I'm happy with [Chapman] signing because it makes people see who we are. ... Before, nobody knew who we were. Everybody just knows we lose.
-- Brandon Phillips
While detours seem as likely as not to await Chapman, if only because pitching prospects are so fragile, he wouln't be Jocketty's first big-ticket move to pan out. Far from it.

"Walt is amazing at the big deals," said longtime friend Kevin Towers, who was San Diego's GM from 1995-2009.

Jocketty, hired by the Reds in early 2008, had quite a run in St. Louis. In his 13 seasons with the Cardinals that yielded seven playoff berths and a World Series title, he acquired stars such as Jim Edmonds, Chris Carpenter, Mark McGwire, Scott Rolen and Larry Walker. His seven-year, $100-million deal for Albert Pujols in 2004 has appeared more prescient with each passing year.

"Walt's underrated," Towers said.

Baker and the Reds' players were elsewhere in 2001, when Cincinnati, coming off a second-place finish in the National League Central, lost 96 games. It has known only losing seasons since. The skid from 2001-09 is the franchise's longest since 1945-55. Even the team's Johnny Come Latelies -- among them Johnnie B. Baker Jr. -- say it's well past time to win.

"Yeah, big time," said Baker, the former Giants and Cubs manager who is in the final year of the three-year contract that brought him to Cincinnati. "We came close to [finishing with a winning record] last year, but a lot of guys got hurt."

Reds folks say Baker, who has Jocketty in his corner, seems more relaxed than he was in his first two years with the club.
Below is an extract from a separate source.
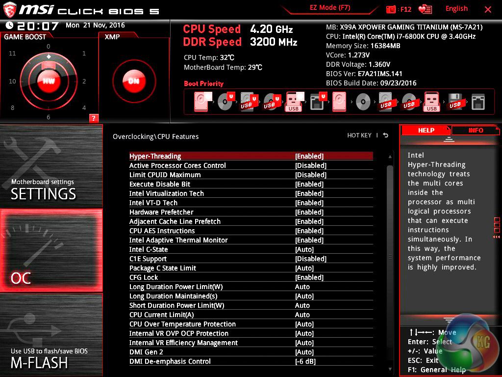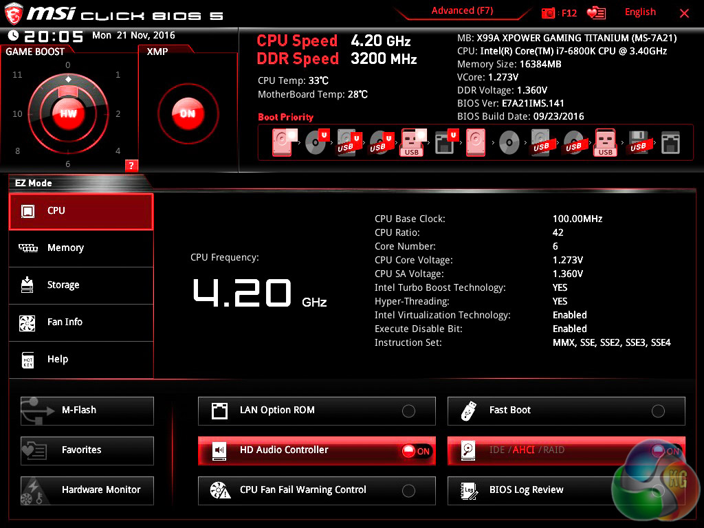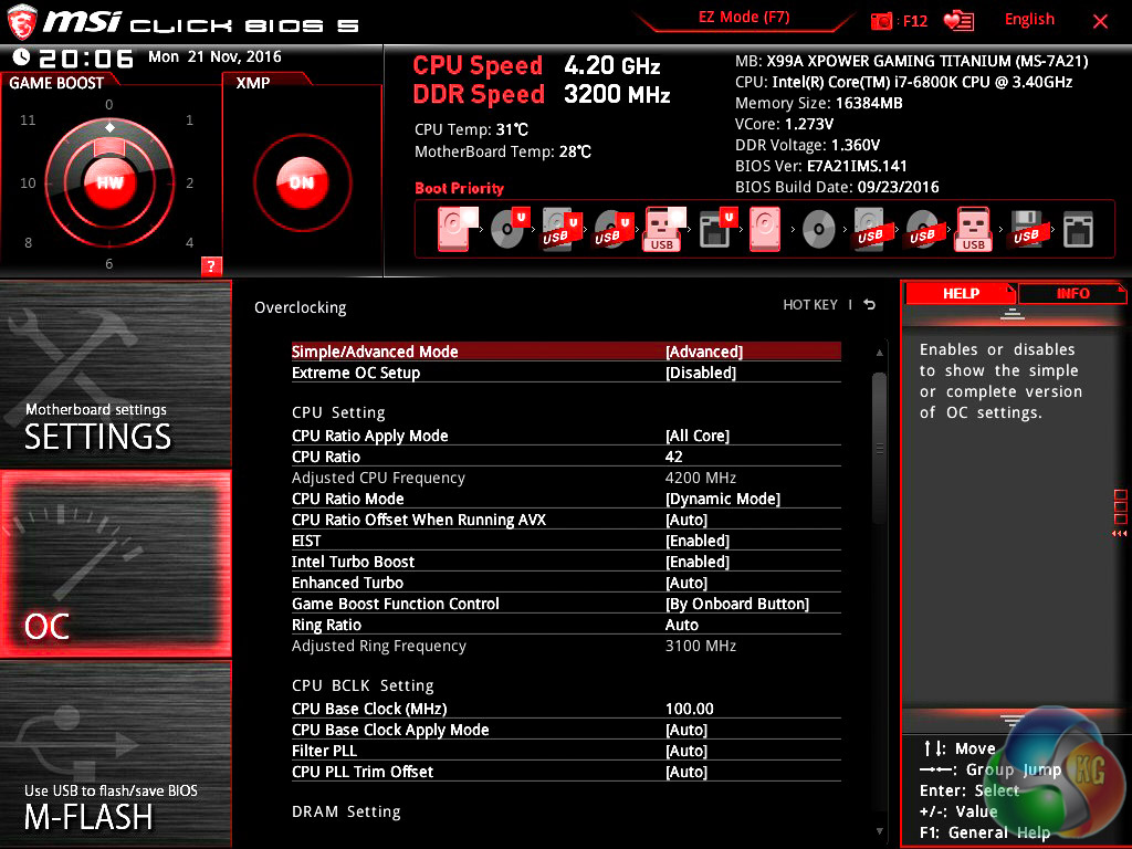 Readers will struggle to spot many functional differences between the UEFI for the X99A XPower Gaming Titanium and the previously reviewed X99A Tomahawk and X99A Godlike Gaming Carbon. That's not a bad thing, mind, since MSI's Click BIOS 5 has stood up well over time and is simple to use.

Maybe it's the faint smell of the Pacific Ocean. Baker is a Californian, and the Reds, after training in Sarasota, Fla. since 1998, have moved west to Arizona. They and the Indians share the western-most site in the majors. Baker describes Midwesterners as "good-hearted, good-spirited people," but he's still a West Coast guy.
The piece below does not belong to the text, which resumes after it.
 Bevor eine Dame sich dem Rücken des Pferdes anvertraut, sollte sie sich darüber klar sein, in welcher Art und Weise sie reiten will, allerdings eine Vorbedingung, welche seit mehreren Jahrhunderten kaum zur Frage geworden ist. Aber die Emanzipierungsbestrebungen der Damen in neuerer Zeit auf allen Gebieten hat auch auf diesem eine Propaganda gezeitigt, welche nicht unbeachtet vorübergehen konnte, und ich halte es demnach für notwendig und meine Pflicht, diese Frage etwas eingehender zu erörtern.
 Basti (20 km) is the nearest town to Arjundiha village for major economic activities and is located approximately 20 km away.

"I love it here," he said while watching the Reds' best hitter, Joey Votto, slam a pitch to left field. "I miss the water a little bit, because I love to fish."
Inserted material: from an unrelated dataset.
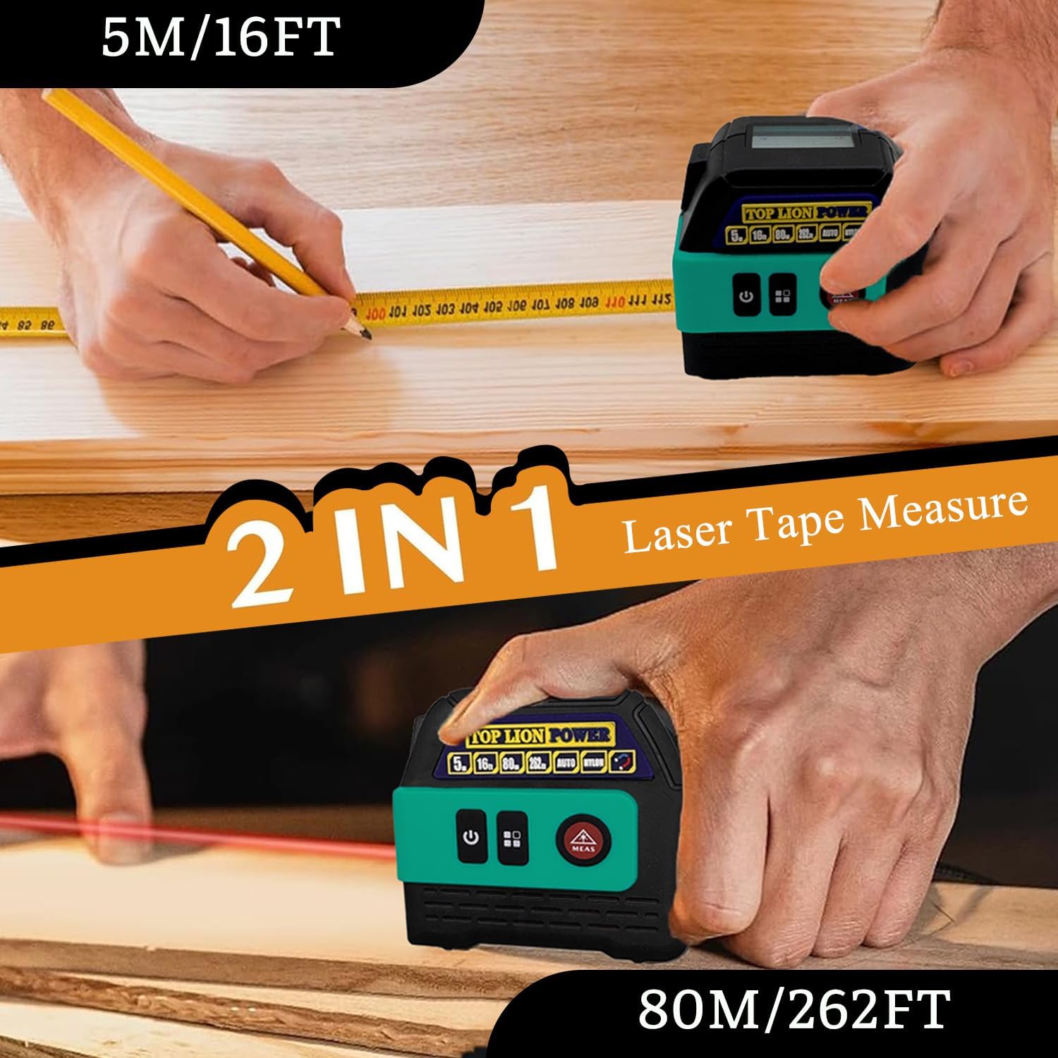 1【2-in-1 Precision Measurement】Combines a 250ft green laser distance meter (±3mm accuracy) and a 16ft self-locking tape measure, ideal for distance, area, volume and Pythagorean measurements with units of ft/m conversion. DURABLE ABS CONSTRUCTION - Made of sturdy ABS plastic, the laser tape measure is impact resistant, rust proof and built for long-term use in woodworking, DIY and professional workplaces. 【USB-C Rechargeable】Equipped with a USB-C port, this digital measuring tool supports up to 5,000 laser measurements per full charge, eliminating disposable battery costs and promoting eco-friendly use. USER-FRIENDLY FEATURES - Includes a magnetic hook for stable metal surface fixation, 3 intuitive mode buttons and stores 30 groups of historical data, perfect for both beginners and professionals. VERSATILE APPLICATION - Suitable for home remodeling, property inspection, industrial projects and more. A must-have for contractors, real estate professionals and DIY enthusiasts.

His players are no less upbeat, or determined.

Arroyo called it an "end of the road" season for several Reds players.

"Either we get something done with the veterans here, or I think they're pretty much going to go all young," he said.

Brandon Phillips, the team's second baseman and Most Valuable Player in two of the last three years, smiled as he talked about Chapman. Although seeing an unproven player get so much money might rankle veterans with other clubs, the Reds have been irrelevant for too long to be anything but excited, Phillips said.

"September 2006 was the last time I remember us having a winning team," Phillips said. "Then we went to the West Coast and fell off the map. We haven't been good since."

Nodding at Chapman across the clubhouse, he smiled again.

"I'm glad he got $30 million. He deserves it because he's athletic, and, man, he throws 100 miles per hour. I'm happy with his signing because it makes people see who we are and brings attention to us. Before, nobody knew who we were. Everybody just knows we lose."